(Items listed in a dataset)

::::::::::

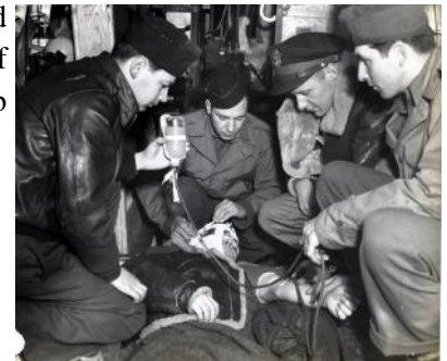
Medics and surgeons stabilize a gunner aboard a fortress.
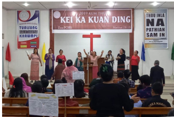
Zion PC in Tualsung khawmpi thupitak in zang
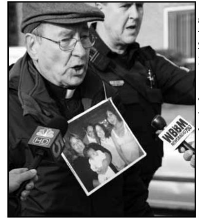
Under arrest at detention center protest

As a result of concerted advocacy, litigation, grassroots organizing and media attention, ICE acknowledged in 2009 that the detention system is fundamentally broken. The agency promised a range of reforms to move away
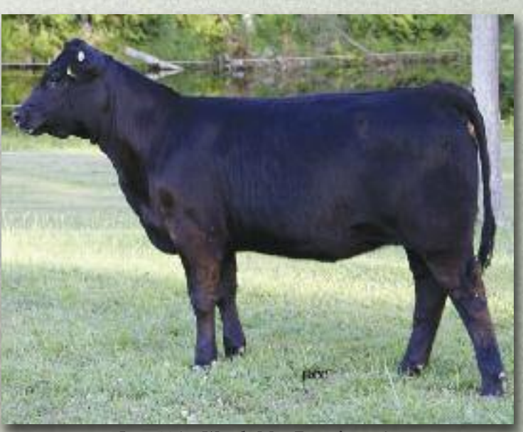
Lot #30A - Worth-Mor Favorite 15A

This very stylish "New Attraction" heifer calf will be sure to catch your eye on Sale Day! She will make a great Jr. Yearling 4-H project for next year or a great cow to add to your herd!
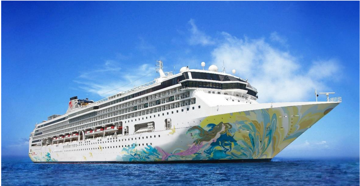
Resorts World Cruises deploys the Resorts World One cruise ship to homeport in Jakarta, Indonesia from 16 June – 1 July 2024.

Offering 6 Day / 5 Night cruises to Singapore and Kuala Lumpur from 16 June – 1 July 2024
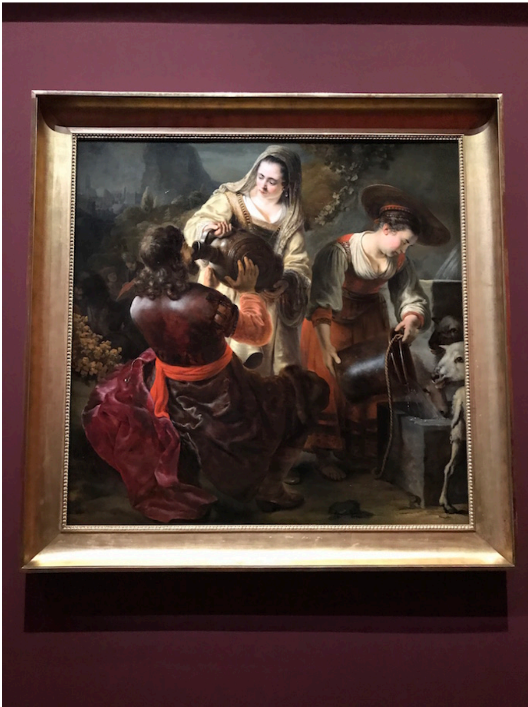
Ferdinand Bol (1616-1680) Rebecca and Eliezer at the Well ca. 1645-46 Oil on canvas

– Fine Paintings in Leiden: Gerrit Dou, Frans van Mieris, and their Contemporaries
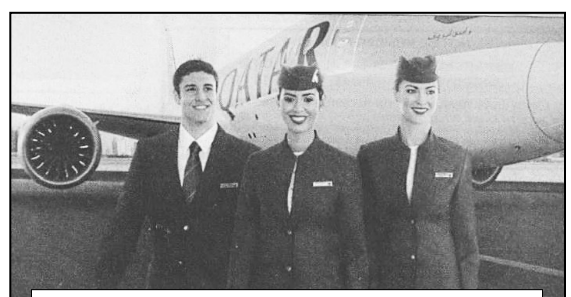
BE PART OF A STORY WORTH TELLING

Using the dialogue form, write the interview that takes place.
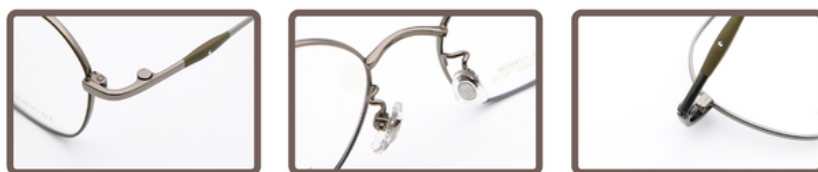
C4 pink&rose gold 粉&玫瑰金
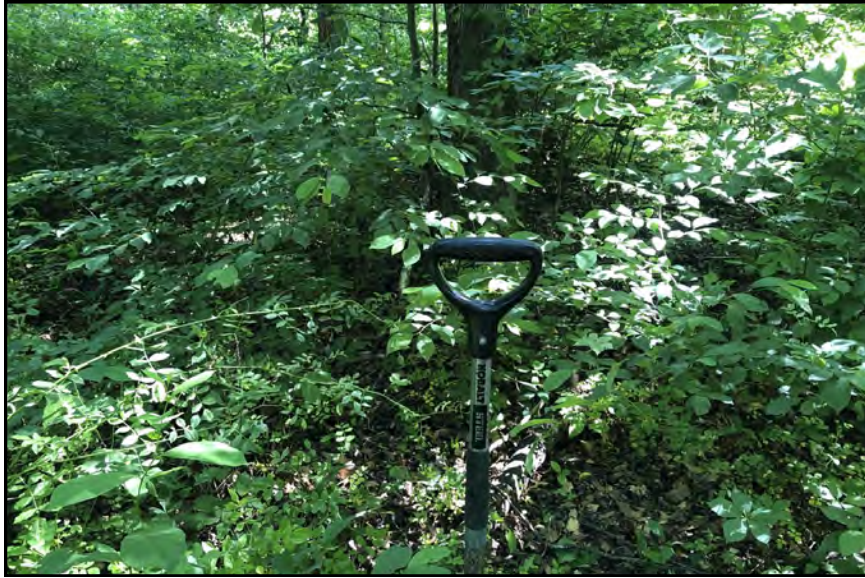
dp702, View Looking North
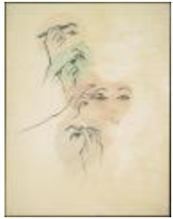
Women Applying Eye Makeup and Plucking Eyebrows (KA0038_000058)
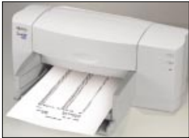
An optional printer can be added to print 8.5"x11" postage accounting reports.

::::::::::

Search the data above for the word "detention", then gather each line in which it appears.

▶ [Output for this exercise]
Under arrest at detention center protest
As a result of concerted advocacy, litigation, grassroots organizing and media attention, ICE acknowledged in 2009 that the detention system is fundamentally broken. The agency promised a range of reforms to move away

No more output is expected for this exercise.